Meh and Other Uncertainties
The star of this game is all about the campaign system. If that is the case, how can I put the “Hook” of the game in this section? Deep breath....
Individual games matter, but the tactical play devolves into simple decisions of target priority. However, that is not always easy with Zombies breathing down your neck! However, the simple game play leads into the campaign where actions in game have consequences with death, injury, and loss of supplies. The game definitely has RPG lite elements that I enjoy. Stat increases seem easy to get what you want by spending extra Experience Points, and I am not sure I am a fan. It also disincentives skills with the current system as attribute bonuses are always better than a situational skill. By spending extra XP you can almost tailor your models and avoid sub-optimal results. However, I do really like the loot table mechanism as it allows for more variety without have a huge list/table like d100. Since this is a game of Survival Horror, the Injury table is not super severe with only double 1's Death. However, injured characters can degrade pretty fast.
The other element that will be controversial is the Zombie “threat” itself. They really aren't a threat. Instead, they are more of a “friction” that a player needs to control for.
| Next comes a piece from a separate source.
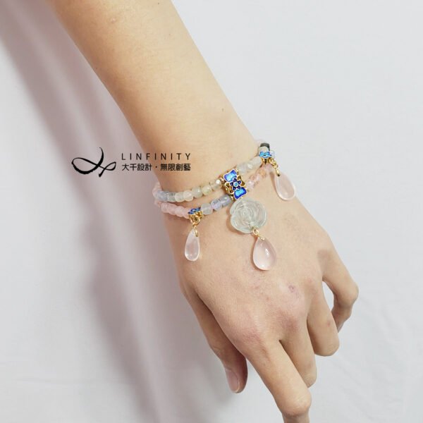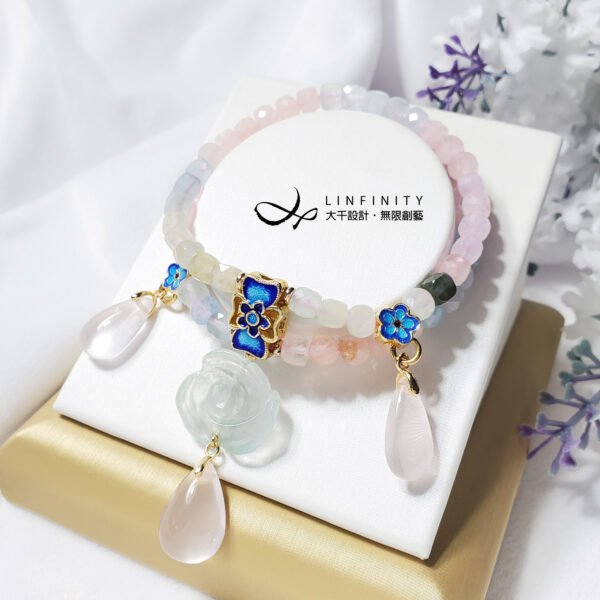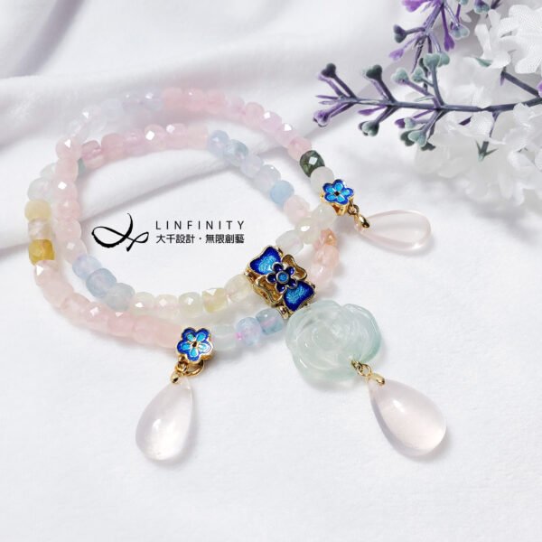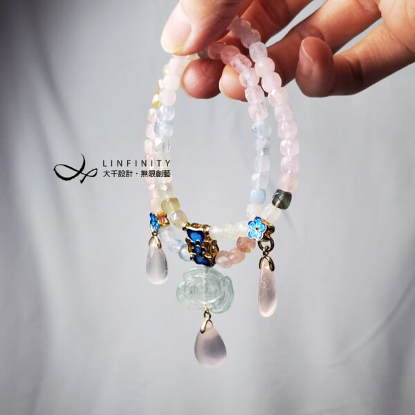 材質:天然綠柱石(海藍寶、摩根石)、葡萄石、粉晶、琺瑯、18K金、925銀

Sure, if enough of them arrive you can be in trouble..... but that doesn't seem to happen that often. In addition, a somewhat experience gang will only have Zombies act as speed bumps to their objectives. However, I think this was a feature and not a bug of the game. The focus is on Humans vs. Humans and not Humans vs. Zombies. Therefore, they are more like a scenario complication than an actual threat.
Deep breath..... So, you can see why I put the two big hooks of the game into the Meh and Other Uncertainties section of the game. They are good hooks but there are trade-offs between what I like and what I did not like.
This game also bases every scenario around retrieving loot from the battlefield. Thematically it makes sense, but it does make the 6 scenarios in the book feel a bit samey. I had the same criticism of Frostgrave and its Loot system as the main objectives of the game. Unless you are constantly feeding the campaign new scenarios, new monsters, and new variations the game will get stale. It just does not have the tactical game play depth needed to survive on its own merits.
Final thoughts. This was a good first effort and it is clear a lot of thought went into the game to try and match the genre. Ash hits on the key elements that he outlined in his forward, but...... I can't help but feel the game could still use some more streamlining to make it more intuitive and less token reliant.
The main hook was a miniature based survival horror game. However, it feels light on the horror and survival elements that I feel it needs to really catch the feel of the genre. It seems to focused on letting players get “what they want” instead of challenging them to actually “survive” the horror with their opponent being another friction of surviving the campaign. The zombies are not threatening enough, the upgrades in the campaign too easy, and decisions too basic. The game really needs a deeper set of psychology rules like Strange Aeons Black Marks that corrupt a model's psyche as well as a more robust injury system.
In a horror genre, player' models should slowly degrade and only use gains to offset and slow the inevitable collapse.... that's horrifying. Knowing you ultimately can not win only try to make it to the next scenario and the end of the campaign. Therefore, I do not think I have found the definitive horror miniature game yet, but I am getting some ideas!